On May 27, 2020, at 5:42 PM, rdalbanus notifications@github.com wrote:

@mfisher1995 https://github.com/mfisher1995 I see that folks are still having this issue. From what I investigated, it's due to some library conflict in the hd5 libraries. I have a singularity container that works fine. You can create the container using the Singularity file at https://github.com/rdalbanus/bioinf545_w20_snATAC https://github.com/rdalbanus/bioinf545_w20_snATAC. Alternatively, you can create a conda environment and follow the steps outlined in the %post section in the Singularity file. Hope this helps!

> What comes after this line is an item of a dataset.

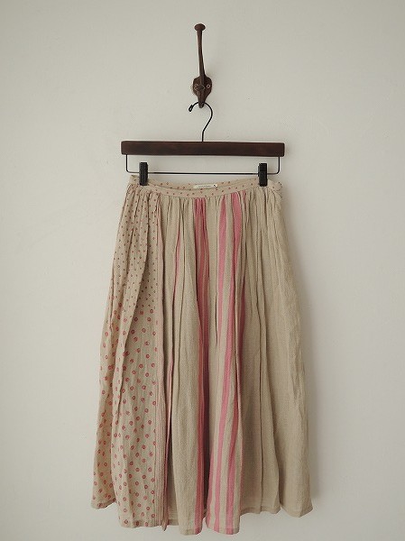 デザイン:mina perhonen 「squall」のフレアスカートです。カラーはサンドベージュで薄手生地であしらわれており、濃グレー&ピンクのプリントが施されております。ウエストはギャザー入りでフレアなシルエットになっており、左サイドのループボタン&ファスナーで着脱できます。

— You are receiving this because you were mentioned. Reply to this email directly, view it on GitHub https://github.com/r3fang/SnapATAC/issues/154#issuecomment-634957619, or unsubscribe https://github.com/notifications/unsubscribe-auth/AIYMM4GCVFLRECY6LCGZTL3RTWCMVANCNFSM4KNQV32A.

fkeramati commented 4 years ago

Hi,

I was also having the same problem. I am using python 3.7.7 and R 4.0.1. I could solve the problem with a small change in both generated peak file after macs and the source code of "add_pmat.py". In the source code between lines 152 and 153 I added the following chunk:

import pandas as pd df = pd.read_csv(fout_frag.name,sep="\t",header=None) df.loc[:,0] = df.loc[:,0].str[2:-1] df.to_csv(fout_frag.name,sep="\t",header=False,index=False)

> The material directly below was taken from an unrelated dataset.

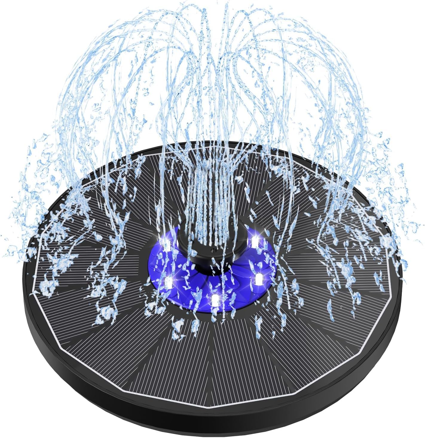 Fontana solare SZMP con pompa da 3,5W, batteria 2200mAh, 6 LED e 7 ugelli per bagno uccelli, laghetto e piscina

This removes the "b'" from the temprorary fragment file generated. As I said you also need to remove the "b'" from the generated peaks.combined.bed file. That is easily achievable within R after completing first part of step 14. Something like this should work: peaks.df$seqnames = substring(peaks.df$seqnames, 3) peaks.df$seqnames = substr(peaks.df$seqnames, 1, nchar(peaks.df$seqnames)-1) write.table(peaks.df,file = "peaks.combined.bed",append=FALSE, quote= FALSE,sep="\t", eol = "\n", na = "NA", dec = ".", row.names = FALSE, col.names = FALSE, qmethod = c("escape", "double"), fileEncoding = "")

I hope this solves the frustrating problem of being obliged to install older versions of R and Python to run snapATAC.

yanwengong commented 3 years ago

@mfisher1995 I see that folks are still having this issue. From what I investigated, it's due to some conflict in the hd5 libraries. I have a singularity container that works fine. You can create the container using the Singularity file at https://github.com/rdalbanus/bioinf545_w20_snATAC. It's made for a singularity 2.5.2, if I'm not mistaken. Alternatively, you can create a conda environment and follow the steps outlined in the %post section in the Singularity file. Hope this helps!

Hello! I have created a Conda environment and followed the steps outlined in the `%post. I wonder from which step should I re-process the data? Do I need to go back and redo "snaptools snap-pre" or just the "snaptools snap-add-pmat" step? Thanks for your help in advance.